Yamabe Solitons on three-dimensional normal almost paracontact metric manifolds

TL;DR

This paper investigates Yamabe solitons on three-dimensional para-Sasakian, paracosymplectic, and para-Kenmotsu manifolds, establishing conditions for constant scalar curvature, Einstein properties, and the nature of flow vector fields.

Contribution

It provides new results characterizing Yamabe solitons on these specific paracontact manifolds, including conditions for constant curvature and Einstein properties, with explicit examples.

Findings

Yamabe solitons on para-Sasakian manifolds have constant scalar curvature and Killing flow vectors.

On paracosymplectic manifolds, Yamabe solitons are either η-Einstein or Ricci flat.

Para-Kenmotsu manifolds with Yamabe solitons are of constant sectional curvature -1, Einstein, with expanding solitons and Killing vectors.

Abstract

The purpose of the paper is to study Yamabe solitons on three-dimensional para-Sasakian, paracosymplectic and para-Kenmotsu manifolds. Mainly, we proved that *If the semi-Riemannian metric of a three-dimensional para-Sasakian manifold is a Yamabe soliton, then it is of constant scalar curvature, and the flow vector field V is Killing.

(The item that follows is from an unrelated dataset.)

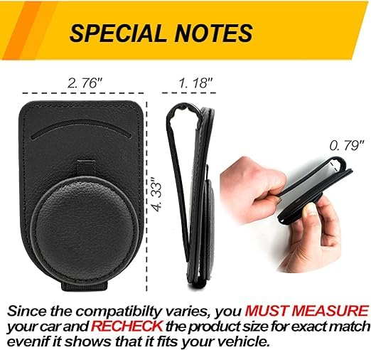 - حامل نظارة شمسية للسيارة: مشبك حامل النظارات يناسب معظم السيارات التي لا تتتجاوز سماكة الشماسة فيها 2 سم. عليك قياس واقي الشمس في سيارتك والتأكد من أن قياس الحامل يناسبها حتى لو كان يبدو كذلك.

In the next step, we proved that either manifold has constant curvature -1 and reduces to an Einstein manifold, or V is an infinitesimal automorphism of the paracontact metric structure on the manifold. *If the semi-Riemannian metric of a three-dimensional paracosymplectic manifold is a Yamabe soliton, then it has constant scalar curvature. Furthermore either manifold is $\eta$-Einstein, or Ricci flat. *If the semi-Riemannian metric on a three-dimensional para-Kenmotsu manifold is a Yamabe soliton, then the manifold is of constant sectional curvature -1, reduces to an Einstein manifold. Furthermore, Yamabe soliton is expanding with $\lambda$=-6 and the vector field V is Killing. Finally, we construct examples to illustrate the results obtained in previous sections.